En este nuevo contexto, las métricas operativas han cobrado protagonismo. En lugar de centrarse únicamente en tecnologías de vanguardia o discursos futuristas, los inversores han comenzado a prestar mayor atención a indicadores como el crecimiento de los ingresos, el CAC, el LTV, la tasa de abandono y el ARR, que revelan la sostenibilidad del negocio. La gobernanza financiera y la capacidad de gestión se han convertido en activos tan relevantes como la propia innovación.
"Para 2025, el mercado valorará a las startups que sepan gestionar, medir y ajustar. La tracción demostrada, los ingresos predecibles y la gestión estructurada son los nuevos filtros para atraer inversión.“Este cambio también refleja la presión que ejercen los LPs, los inversores del fondo, que han comenzado a exigir resultados más tangibles y una menor exposición al riesgo”, destaca Cristina Mieko.

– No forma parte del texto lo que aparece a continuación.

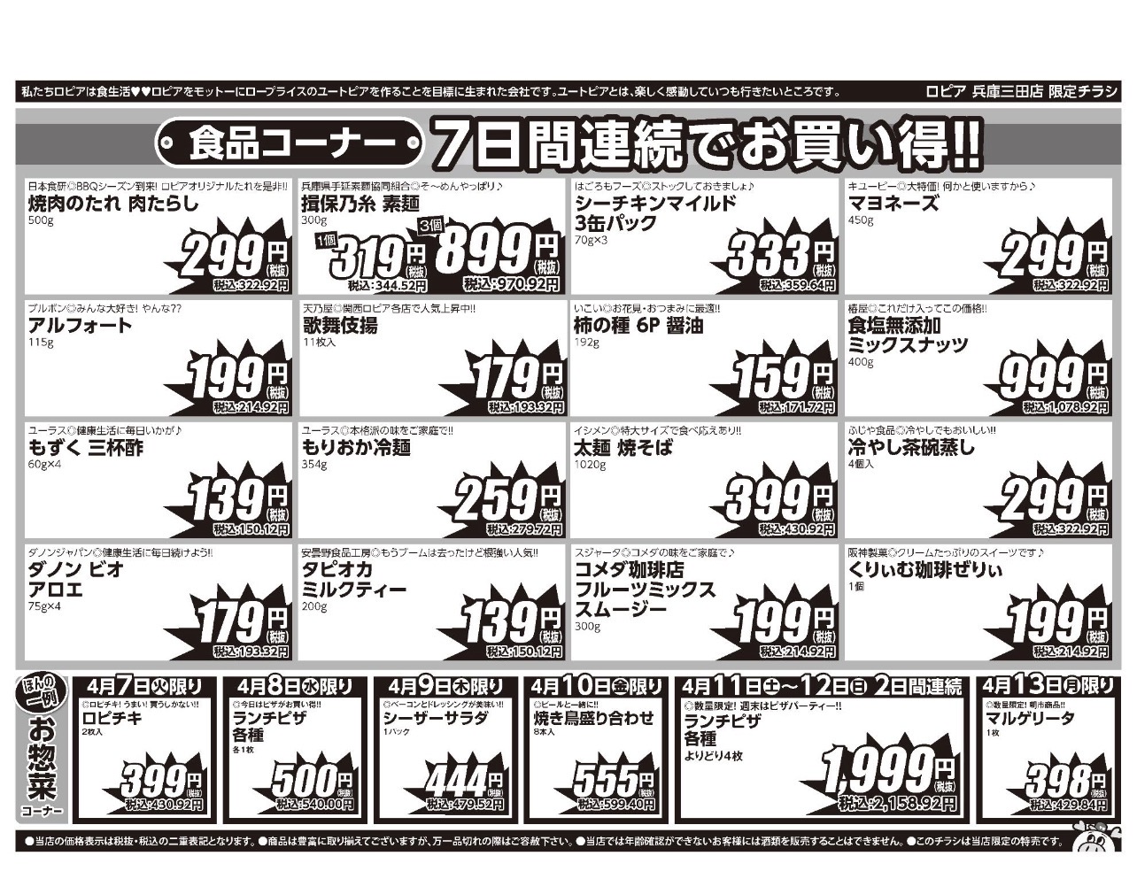 ロピア奈良ミナーラ店チラシ4月7日-4月13日お買い得情報
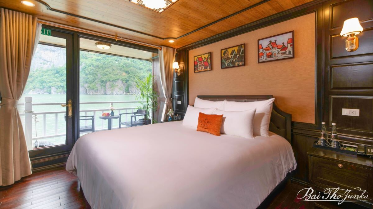 Launched in 2009 and fully renovated in May 2022, Victory Star Cruise is a steel-framed junk styled with traditional Vietnamese sails. Operated by Bai Tho Junks, one of Ha Long Bay’s most experienced and reputable cruise companies, it blends authentic design with trusted hospitality.
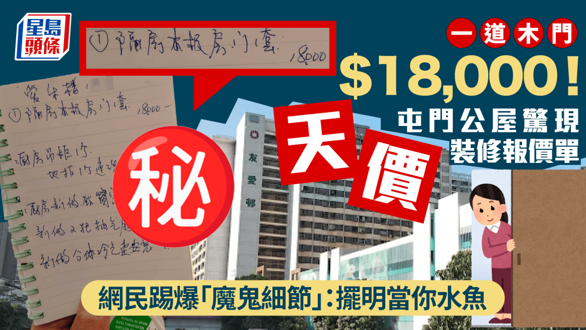 Home » 屯門公屋驚現「天價」裝修報價單:一道木門$18,000!網民踢爆「魔鬼細節」:擺明當你水魚|Juicy叮

Las encuestas del Observatorio de Startups de Sebrae indican que las empresas con canales de venta propios y modelos de monetización basados en suscripción han cobrado mayor impulso en este nuevo ciclo. Según el estudio, estas startups tienen el mayor potencial para sentar las bases de las scale-ups brasileñas en 2026.
El denominador común de estos negocios es la previsibilidad. Ya sea en modelos B2B o B2C, los ingresos recurrentes y el dominio de canales de adquisición rentables han permitido la construcción de motores de crecimiento sostenibles.Cuando una startup domina sus canales de venta y genera ingresos recurrentes, se vuelve menos dependiente del capital externo y está mejor preparada para escalar de manera saludable.“dice Cristina.
Para alcanzar esta etapa, los expertos señalan la necesidad de un camino bien definido, que incluye la validación de la adecuación producto-mercado, la creación de canales escalables, el uso inteligente de los datos y rutinas de gestión financiera consistentes. Modelos como SaaS, mercados nicho con alta fidelización y plataformas de servicios de suscripción han demostrado ser más resilientes, especialmente cuando operan con estructuras ágiles.
Al parecer, el próximo ciclo de innovación estará menos impulsado por la capacidad de imaginar escenarios distantes y más por la capacidad de obtener resultados concretos en el presente. Las startups que puedan demostrar tracción continua, márgenes sólidos y potencial de escalabilidad, sin depender exclusivamente de rondas de financiación constantes, deberían liderar la nueva fase del ecosistema brasileño.El verdadero diferenciador radica en la capacidad de transformar un producto en un negocio y lograr un crecimiento escalable.”, resume Cristina Mieko.